Поздно ложился спать, неустанно работая, и рано вставал, чтобы, слегка прогулявшись по утреннему инею, снова взяться за перо и бумагу. Иногда, торопливо захватив в карман карандаш и тетрадь, он садился верхом на коня и угонял куда-нибудь на любимый пригорок, под алые, малиновые листья октябрьских рябин. Здесь, пожевывая рябиновые кораллы, привязав коня под золотой снег осыпающихся листьев, ложился на осеннюю сухую траву и, закурив трубку, думал, писал.
Обнимающим облаком согревало непреодолимое желание вновь увидеть любимую невесту. Лучистый взгляд ее светил призывным счастьем; ее рука в прощальную минуту запомнилась пылающим прикосновением.
Он слышал далекие и близкие ее последние слова: «Я буду ждать» – и верил им.

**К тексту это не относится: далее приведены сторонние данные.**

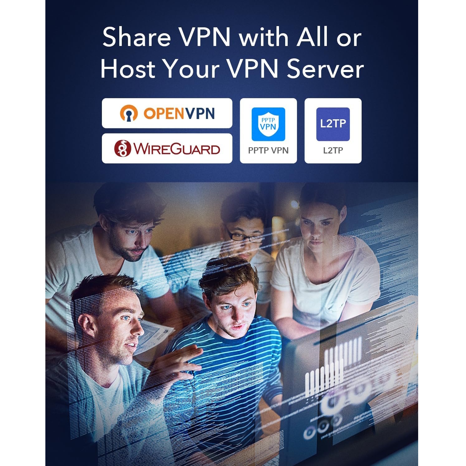 Atbalsta WireGuard, OpenVPN, IPsec, PPTP, L2TP un Zerotier, nodrošinot militāru līmeņa šifrēšanu attālinātai darbam vai privātuma lietojumprogramām.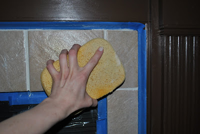 Once I filled all the holes and crevices, I used a damp sponge to smooth out the grout. This not only cleans the tile face but smooths out the grout joints.

Да, теперь он безраздумно верил, несмотря ни на что, предчувственно верил снова в достижение прерванной цели – разве иначе мог бы так проворно лететь на крыльях стремительной работы?
И разве он не готов броситься хоть сию минуту в Москву, к ней, к Наташе.
Всюду в России свирепствовала смертным мором холера, добравшаяся до Москвы. Всюду на дорогах учреждались карантины. Всюду в народе носились черные, страшные, ползучие слухи о чуме.
Поэт, испугавшись за жизнь любимой, решил прорваться в Москву, но ему это не удалось. Он писал невесте утешающие, любвеобильные письма, но почта ходила редко и неисправно.
3апертый, как в тюрьме, он ничего не знал о происходящем, сгорая в нетерпении двинуться, после двух месяцев сплошного труда, в Москву. И, наконец, вырвался только в конце ноября, когда эпидемия холеры затихла.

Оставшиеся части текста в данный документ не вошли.